In prepping for surgery and beyond, obviously understanding  your anatomy, pain and “nociception” and valuing the mind-body connection is important, but Jacob also recommends doing the “the best you can to strengthen around that joint and improve your range of motion (within reason) [because] the stronger and more active you are with better motion [will] lead to better outcome after the surgery.”  And what about beyond the surgery?  Jacob says, “get moving again as quickly as possible (within surgical precautions). Even if you aren't supposed to have weight on that leg use your other leg, your upper body and in general continue to use your body.

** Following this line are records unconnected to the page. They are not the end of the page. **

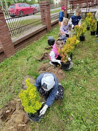 Przedszkolaki z Krygu bardzo zaangażowały się w akcję. Dzięki wspólnej pracy powstała zielona ściana wokół ogrodzenia, a rabatka zrobiła się kolorowa.
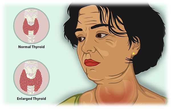 由於甲狀腺不能獲得足夠的碘,因此會逐漸腫大形成甲狀腺腫,這是因為它在盡力滿足對甲狀腺激素產生的需求。在世界範圍內,碘缺乏是導致甲狀腺腫大甲狀腺腫的原因中最常見的原因。
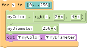 rgbfunction to define colors. - The loop block shown on the left repeats 10 times. In each iteration, the variable

This will influence your recovery and help to mitigate changes to your entire body that can impact recovery.”  This Hopeful Hippie will also second that but add a more specific warning phrase.  “Follow the protocol!” Most hip surgeons have a very specific protocol designed based on their experience, your needs and your particular surgery. Always first get input from your surgeon and PT.

Jacob travels with his patients through this journey and one of the biggest areas that he tries to incorporate with his practice is this whole idea of “mind set and readiness to change. [He believes it is his] job to recognize where someone is in their readiness to change and make behavior changes and meet them at that spot to optimize their long-term success. [He realizes] some people are just not ready to make a change or have prior beliefs about something challenged and things don't work out. But our willingness to change behaviors and beliefs about the body influences things negatively and positively.”  He also says that he “always put the blame on [himself] first because it’s [his] job to frame things in a way someone can understand and [help] elicit change.”  He also understands how hard it is to make changes, but he is always willing to walk on that journey with his patients.

So, Hopeful Hippies, dig into this information.  Understanding your pain may help to better manage it and, in turn, will help in your recovery so you can go on your merry way with a distant rear view mirror vision of painful hips!